Vonnis waarvan beroep
Het Hof zal het vonnis waarvan beroep onder verbetering van gronden bevestigen. Het Hof kan zich namelijk verenigen met het vonnis waarvan beroep en met de redengeving waarop dit berust met dien verstande dat de gronden van het vonnis waarvan beroep zullen worden verbeterd, in die zin dat het Hof de hierna te noemen bewijsoverweging op pagina 4 zal vervangen.
Vrijspraak
Het Hof neemt de overwegingen van het Gerecht met betrekking tot de vrijspraak over, met dien verstande dat het Hof de volgende passage op pagina 4 van het vonnis, luidende:
“Het Gerecht is van oordeel dat bovengenoemde feiten en omstandigheden weliswaar vragen oproepen en enige aanwijzingen kunnen opleveren voor vermoedelijke betrokkenheid bij zaken waarmee de medeverdachten zich bezighouden, maar dat dit niet voldoende is om buiten redelijke twijfel vast te stellen dat de verdachte samen met [medeverdachte 1] de overval heeft gepleegd. Daarbij neemt het Gerecht in aanmerking dat de verklaring van [medeverdachte 2] over de contacten tussen [medeverdachte 1] en verdachte geen steun vindt in het dossier, nu niet is komen vast te staan dat de verdachte op enige manier daadwerkelijk contact heeft gehad met [medeverdachte 1]. Dat verdachte via de telefoon van [medeverdachte 2] contact zou onderhouden met [medeverdachte 1] komt het Gerecht verder ook vreemd voor, nu uit het dossier blijkt dat verdachte een telefoonnummer heeft waarop hij en zijn vriendin bereikbaar zijn. Verder bevat het dossier geen concrete aanknopingspunten waaruit de betrokkenheid en bijdrage van de verdachte aan het tenlastegelegde kan worden afgeleid. De omstandigheid dat er in juni 2020 tussen verdachte en [medeverdachte 2] over een wapen zou zijn gesproken, acht het Gerecht daartoe niet voldoende.”
vervangt door:
Het Hof is van oordeel dat bovengenoemde feiten en omstandigheden weliswaar vragen oproepen en enige aanwijzingen kunnen opleveren voor vermoedelijke betrokkenheid van de verdachte bij het tenlastegelegde, maar dit is niet voldoende om met voldoende mate van zekerheid vast te stellen dat de verdachte in bewuste en nauwe samenwerking met de andere verdachte [medeverdachte 1] de overval heeft gepleegd. Het dossier bevat namelijk geen concrete of directe aanknopingspunten waaruit kan worden afgeleid dat de verdachte betrokken is geweest bij de overval, laat staan als medepleger.

BESLISSING

Het Hof:
bevestigt het vonnis van het Gerecht met inachtneming van hetgeen hiervoor is overwogen.
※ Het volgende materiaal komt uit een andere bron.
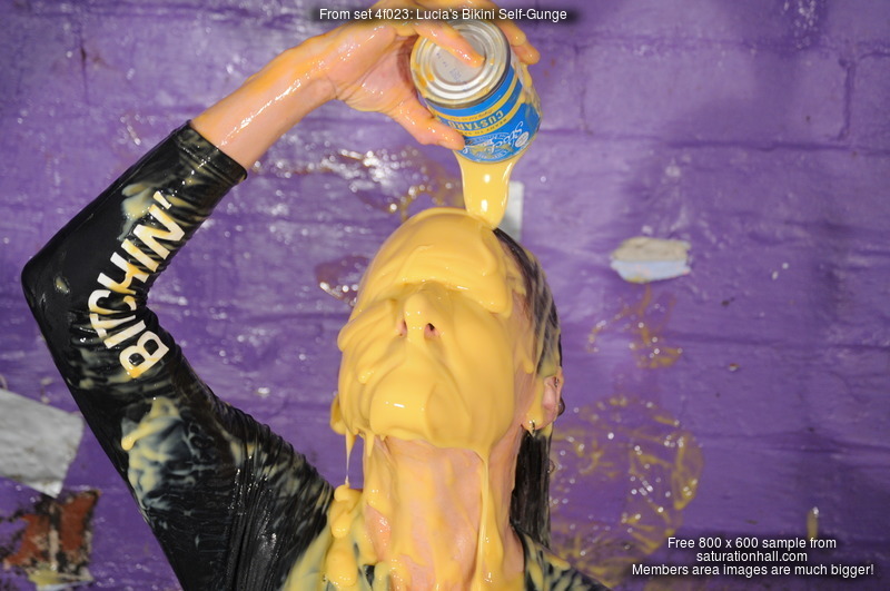 With this scene you get the full messy video, a separate hose-down wash-off video, and over 300 high res photos shot up close and personal using a 200mm lens to really focus in on the detail as Lucia mercilessly drenches her clothes and herself in mixed mess.
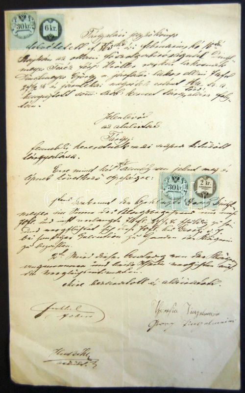 https://www.darabanth.com/en/140-Online-auction/140.0/Other-collectibles/Document-Stamps~40003/1865-Teljes-irat-2kr-Hirdetvenybelyeg-kisegito-felhasznalasaval-plus-6kr-plus-2-x-30kr~II411679
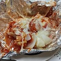 - 4 アルミホイルを広げ、オリーブオイルをはけで塗り、1、3を交互に並べ、(A)、ピザ用チーズをのせて包みます。同様にもう1つ作ります。

Dit vonnis is gewezen door mrs. R.L.M. van Opstal, M.J. de Kort en S. Verheijen, leden van het Hof, bijgestaan door mr. E.L. den Dekker, (zittings)griffier, en op 24 juni 2022 uitgesproken in tegenwoordigheid van de griffier ter openbare terechtzitting van het Hof in Curaçao met een directe beeld- en geluidsverbinding met het gerechtsgebouw in Bonaire.
mr. S. Verheijen is buiten staat dit vonnis mede te ondertekenen.